Jan 28, 2019 / 22:10

Vietnam seeks models of solid waste treatment technology

The Hanoitimes - Vietnam’s current daily-life solid waste management has not met the requirements of environmental protection as it has not been managed and disposed in a safe way.

Vietnam is seeking models of daily-life solid waste treatment technology, such was the purpose at the workshop on "Scheme for daily-life solid waste management” held by the Ministry of Natural Resources and Environment in Hanoi on January 28.
 
Representative from Vietnam Environment Administration Nguyen Thuong Hien presented at the workshop. Photo: Anh Kiet
Nguyen Thuong Hien, a representative from the Vietnam Environment Administration speaks at the workshop. Photo: Anh Kiet
According to reports of departments of natural resources and environment of provinces and cities nationwide, Vietnamese cities dump about 38,000 tons of solid waste per day and only 85% of those are collected, while rural areas discharge 32,000 tons, just 40-55% of which are collected.

Addressing the workshop, Deputy Minister of Natural Resources and Environment Vo Tuan Nhan said the fast growth of the economy and population has resulted in a steep increase in solid waste, adding that application of new waste treatment technologies is now a national urgent requirement amidst the mounting waste volume and shortcomings of current disposal methods.

Vietnam’s current daily-life solid waste management has not met the requirements of environmental protection as it has not been managed and disposed in a safe way, causing pollution in soil, water and air, Nhan added.

Nguyen Thuong Hien from the Vietnam Environment Administration said the transport of solid waste is also facing obstacles as landfills are located far away from residential areas, and the current environmental fees collected from households are not enough to cover waste collection and transport.  

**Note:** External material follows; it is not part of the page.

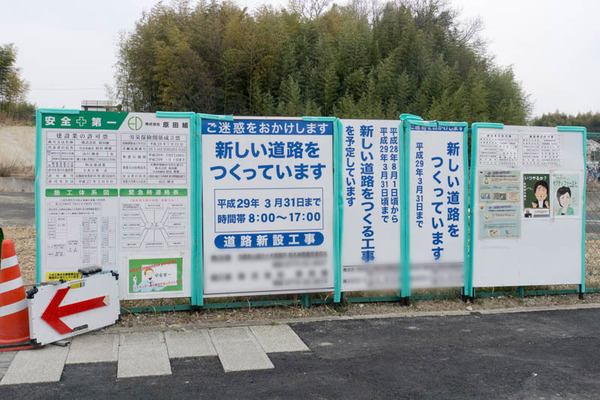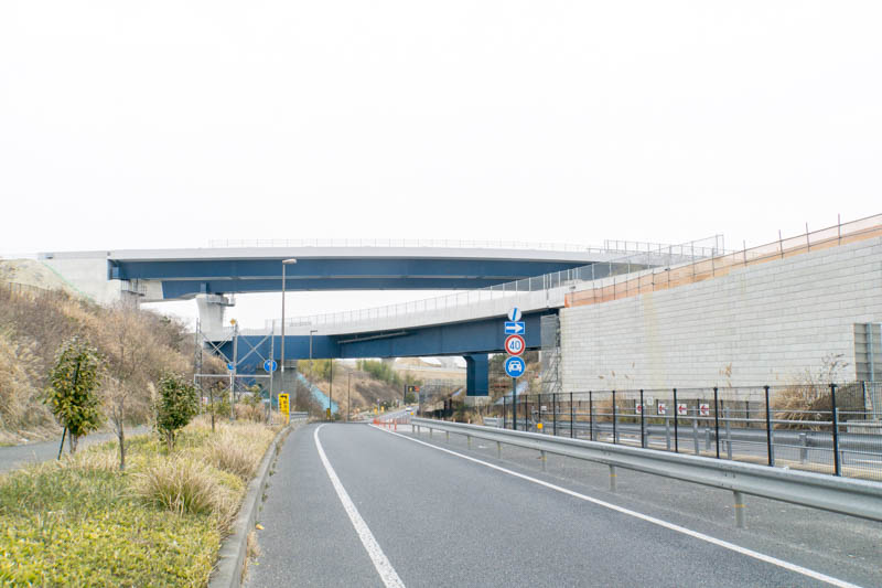 以前お伝えしたコストコの近くで山手幹線に接続する、新名神のインターに行くための新しい道路の工事終了予定が前回お伝えした2月15日から変更されていました↓

While qualified landfills have just been built in some provinces with larger budgets, treatment facilities in rural areas and low-income localities have yet to meet environmental standards, Hien noted.
 
Solid waste management remains big issue in Vietnam. Photo: Internet
Solid waste management remains a big issue in Vietnam. Photo: Internet
Nguyen Tan Duong, a representative from the Ministry of Science and Technology, said that according to estimated data, in Vietnam, the three main waste treatment methods are landfill, microbiological fertilizer production, and burning. 

Only 30% of the existing landfills meet green standards, while most of the nearly 300 incinerators nationwide are small-scale. There are only about 30 facilities producing organic fertilizers from waste at present, Duong pointed out.

He mentioned a number of technologies applied in the world include biomass technology for composting, burning technology, waste incineration, and other methods such as bale press technology, hydromel, petrochemical, fuel pellets, among others to treat waste.

At the workshop, participants also discussed advantages and disadvantages of localities in daily-life solid waste management, including reduction and classification at source, collection, transportation and handling and lessons learned from practice.

Based on the opinions and suggestions gathered at this workshop, scientists and environmental officials will draft the project to strengthen urban and rural solid waste management capacity.